| ENTRIES PROVIDED |
- Opening Delimiter -

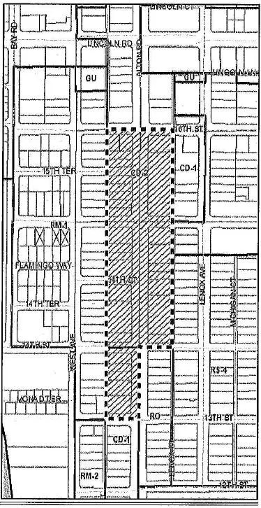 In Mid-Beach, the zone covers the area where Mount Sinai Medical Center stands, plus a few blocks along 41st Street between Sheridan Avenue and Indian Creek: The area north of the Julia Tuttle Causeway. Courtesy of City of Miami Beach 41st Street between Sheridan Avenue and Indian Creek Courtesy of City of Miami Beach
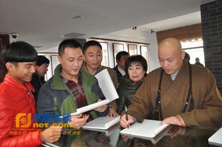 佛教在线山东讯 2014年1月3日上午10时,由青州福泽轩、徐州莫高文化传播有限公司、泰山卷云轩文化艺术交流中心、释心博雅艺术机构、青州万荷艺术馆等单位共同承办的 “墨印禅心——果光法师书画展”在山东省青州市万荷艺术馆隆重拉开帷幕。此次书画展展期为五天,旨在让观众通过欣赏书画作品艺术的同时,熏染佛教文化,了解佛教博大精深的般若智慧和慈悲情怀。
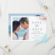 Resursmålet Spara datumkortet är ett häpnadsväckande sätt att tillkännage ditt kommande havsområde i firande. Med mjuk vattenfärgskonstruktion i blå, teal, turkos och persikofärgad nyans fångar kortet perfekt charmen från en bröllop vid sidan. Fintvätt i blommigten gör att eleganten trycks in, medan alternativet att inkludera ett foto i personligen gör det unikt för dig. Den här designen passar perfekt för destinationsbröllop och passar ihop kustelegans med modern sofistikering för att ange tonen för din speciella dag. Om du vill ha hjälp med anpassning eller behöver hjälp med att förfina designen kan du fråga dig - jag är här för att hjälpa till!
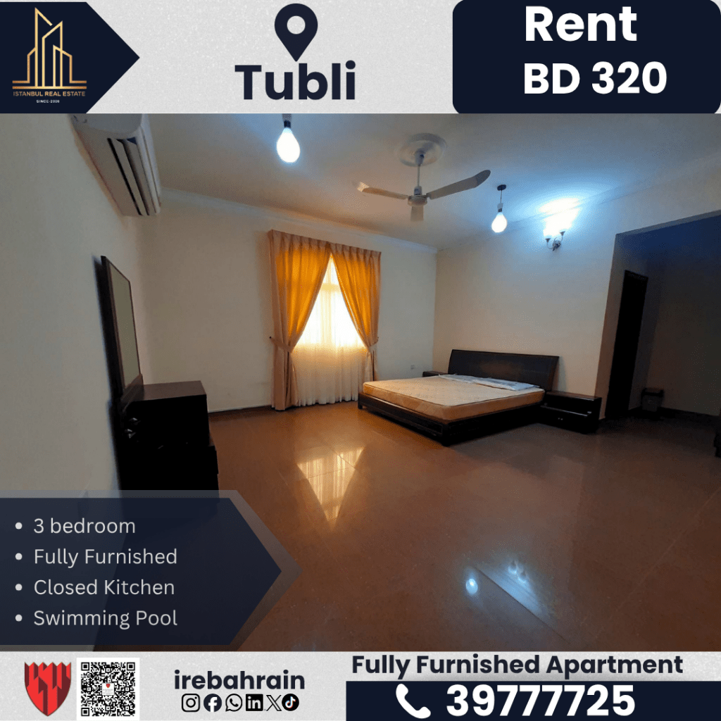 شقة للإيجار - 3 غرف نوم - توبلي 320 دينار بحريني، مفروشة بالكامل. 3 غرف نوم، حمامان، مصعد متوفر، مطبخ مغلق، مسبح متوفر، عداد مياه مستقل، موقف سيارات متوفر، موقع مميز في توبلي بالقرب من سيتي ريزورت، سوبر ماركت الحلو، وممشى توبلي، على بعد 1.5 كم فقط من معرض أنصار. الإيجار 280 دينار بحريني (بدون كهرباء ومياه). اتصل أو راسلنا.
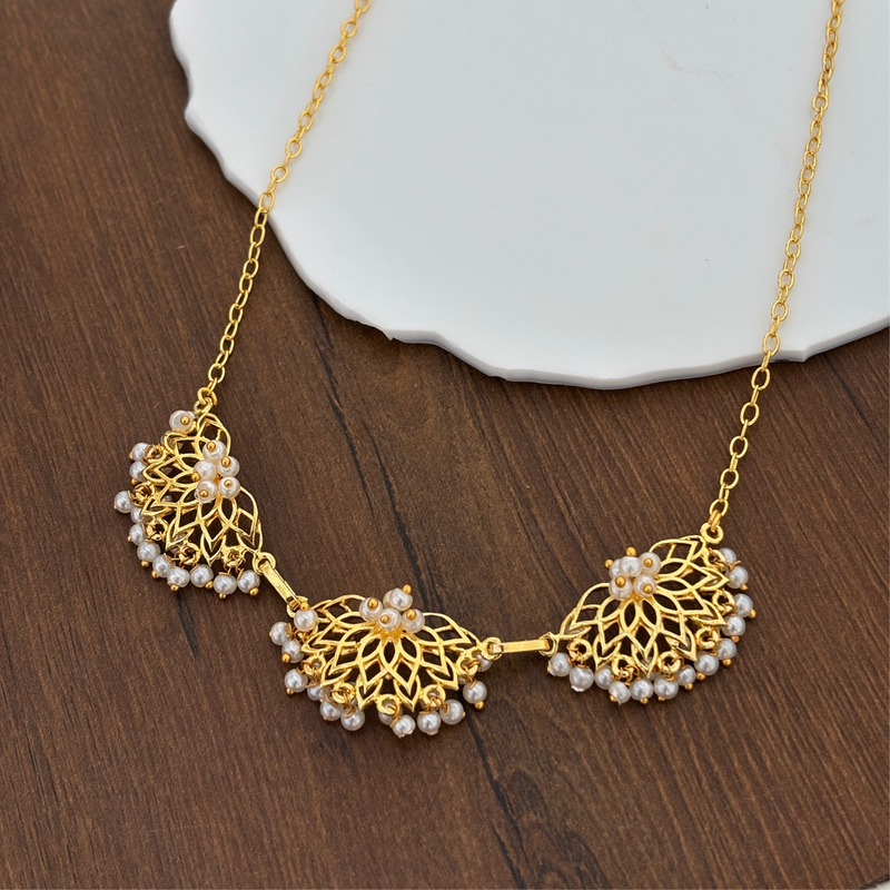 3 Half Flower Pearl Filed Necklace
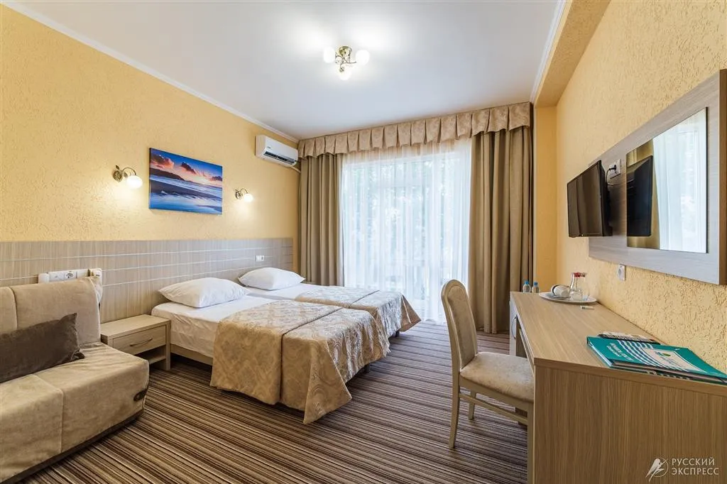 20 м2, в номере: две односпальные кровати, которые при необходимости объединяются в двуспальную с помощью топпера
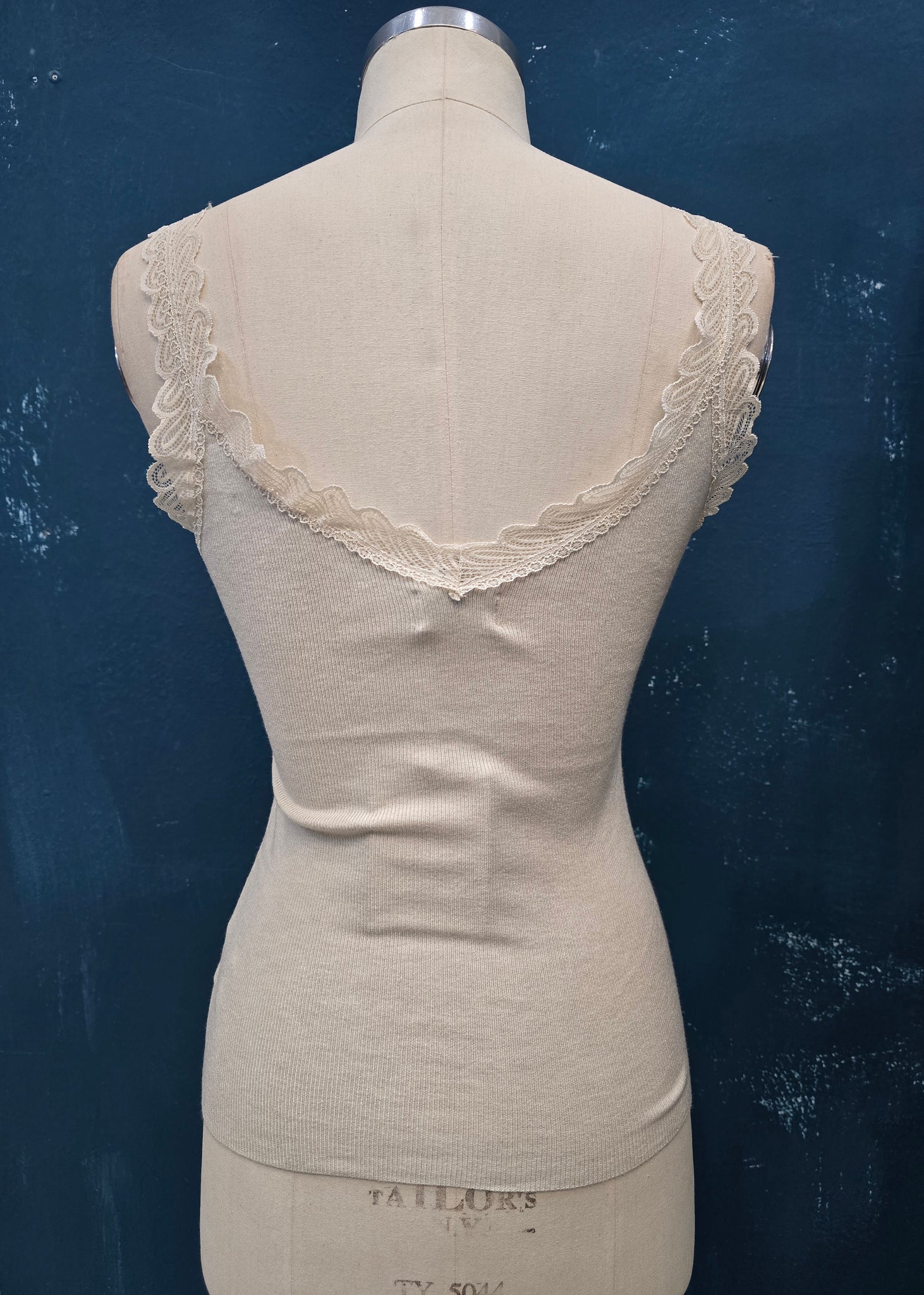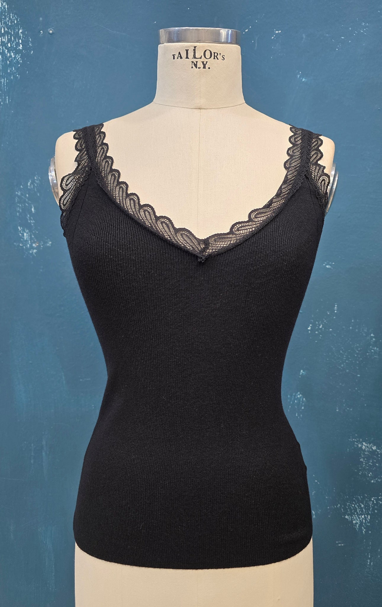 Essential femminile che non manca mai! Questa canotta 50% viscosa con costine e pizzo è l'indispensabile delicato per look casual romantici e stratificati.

- Closing Delimiter -
- Opening Delimiter -

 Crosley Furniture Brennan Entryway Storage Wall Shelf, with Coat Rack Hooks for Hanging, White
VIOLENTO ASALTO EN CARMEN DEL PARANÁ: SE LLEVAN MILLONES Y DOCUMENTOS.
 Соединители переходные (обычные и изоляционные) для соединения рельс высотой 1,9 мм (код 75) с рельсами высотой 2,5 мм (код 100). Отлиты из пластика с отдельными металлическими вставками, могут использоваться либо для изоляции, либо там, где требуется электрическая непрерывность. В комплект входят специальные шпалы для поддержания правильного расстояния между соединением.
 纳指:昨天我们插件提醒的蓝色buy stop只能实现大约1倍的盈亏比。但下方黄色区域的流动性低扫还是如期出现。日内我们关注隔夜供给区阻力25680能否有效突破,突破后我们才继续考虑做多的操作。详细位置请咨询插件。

- Closing Delimiter -

| WORK TO COMPLETE |
Reproduce the lines above starting at the one with "20 м2, в номере: две" and ending at the one with "Essential femminile che", both included, exactly and with no pictures.

| WRITTEN SOLUTION |
 20 м2, в номере: две односпальные кровати, которые при необходимости объединяются в двуспальную с помощью топпера
 Essential femminile che non manca mai! Questa canotta 50% viscosa con costine e pizzo è l'indispensabile delicato per look casual romantici e stratificati.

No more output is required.